#### What needs to be done:
Starting with the line that holds "Gebulte vyandelike Jeeps" and stopping after the line that holds "夏のひまわり畑と風車。", repeat the lines below word for word, without the pictures.

#### Dataset excerpts:
BEGIN
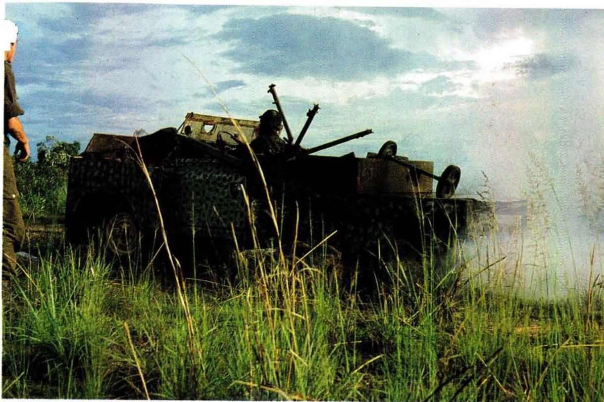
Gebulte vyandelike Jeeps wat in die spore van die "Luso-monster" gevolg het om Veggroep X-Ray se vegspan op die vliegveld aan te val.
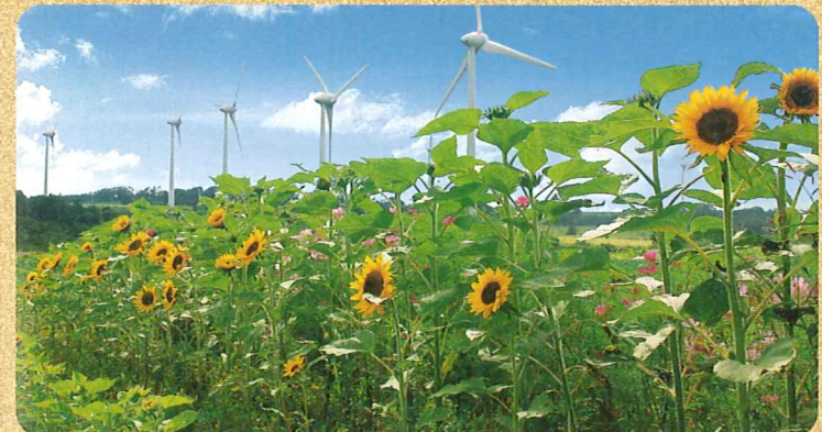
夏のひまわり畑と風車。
END
BEGIN
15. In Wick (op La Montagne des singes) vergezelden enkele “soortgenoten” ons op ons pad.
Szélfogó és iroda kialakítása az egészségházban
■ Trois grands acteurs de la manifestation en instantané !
END
#### Solved problem:
Gebulte vyandelike Jeeps wat in die spore van die "Luso-monster" gevolg het om Veggroep X-Ray se vegspan op die vliegveld aan te val.
夏のひまわり畑と風車。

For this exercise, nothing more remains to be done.